#### DATA PROVIDED

::::::::

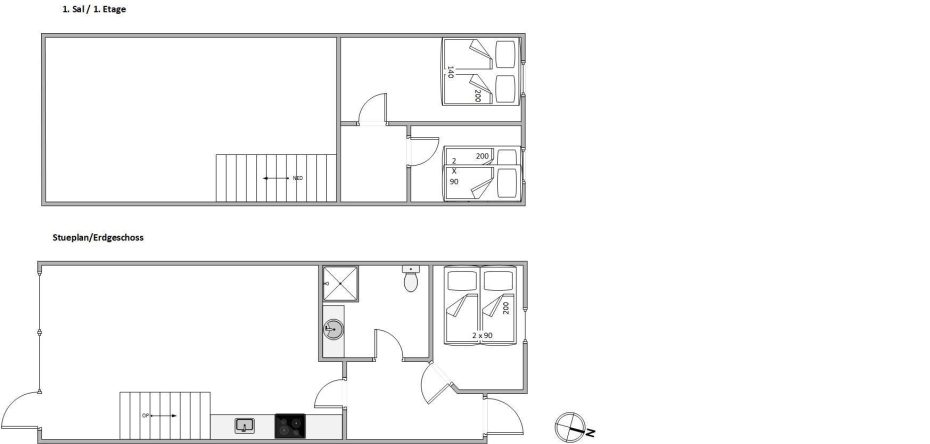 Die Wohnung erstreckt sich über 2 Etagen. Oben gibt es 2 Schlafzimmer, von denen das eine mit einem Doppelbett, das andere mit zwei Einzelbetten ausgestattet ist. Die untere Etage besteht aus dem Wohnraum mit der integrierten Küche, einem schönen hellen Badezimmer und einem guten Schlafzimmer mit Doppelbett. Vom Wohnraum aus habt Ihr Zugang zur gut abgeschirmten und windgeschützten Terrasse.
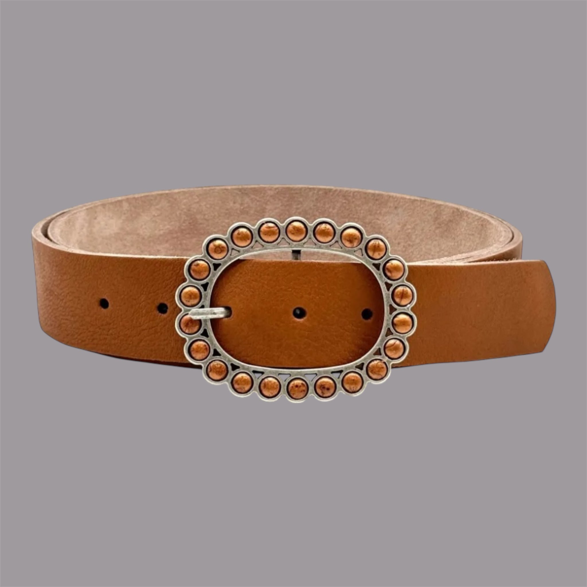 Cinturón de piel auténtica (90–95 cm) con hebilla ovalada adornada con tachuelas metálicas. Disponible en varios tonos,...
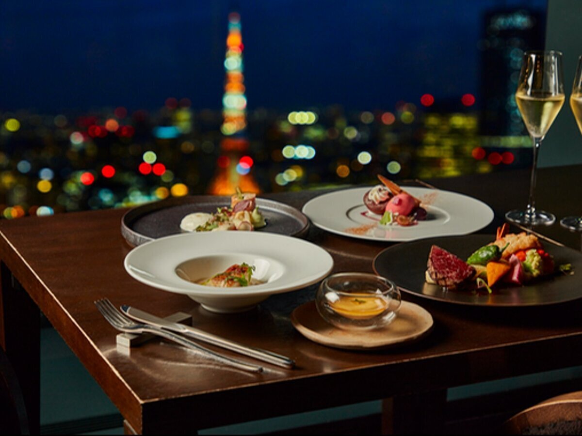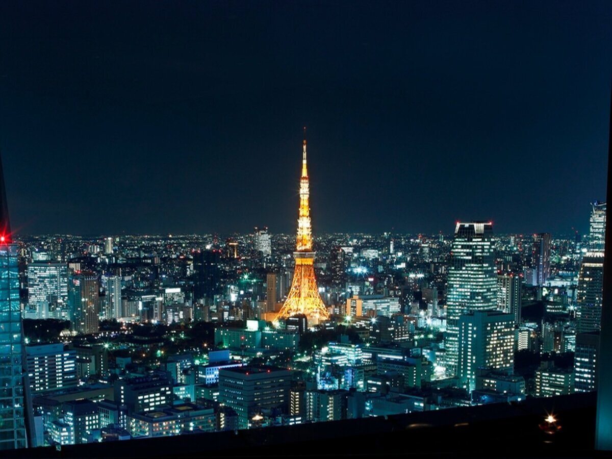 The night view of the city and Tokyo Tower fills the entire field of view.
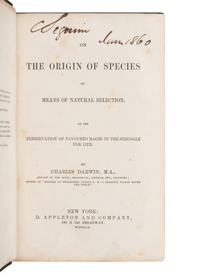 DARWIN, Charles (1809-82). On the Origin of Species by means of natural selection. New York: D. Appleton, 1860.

::::::::

#### WORK INSTRUCTION
Would you give the material back exactly, minus the pictures?

#### RESPONSE TO THIS EXERCISE
 Die Wohnung erstreckt sich über 2 Etagen. Oben gibt es 2 Schlafzimmer, von denen das eine mit einem Doppelbett, das andere mit zwei Einzelbetten ausgestattet ist. Die untere Etage besteht aus dem Wohnraum mit der integrierten Küche, einem schönen hellen Badezimmer und einem guten Schlafzimmer mit Doppelbett. Vom Wohnraum aus habt Ihr Zugang zur gut abgeschirmten und windgeschützten Terrasse.
 Cinturón de piel auténtica (90–95 cm) con hebilla ovalada adornada con tachuelas metálicas. Disponible en varios tonos,...
 The night view of the city and Tokyo Tower fills the entire field of view.
 DARWIN, Charles (1809-82). On the Origin of Species by means of natural selection. New York: D. Appleton, 1860.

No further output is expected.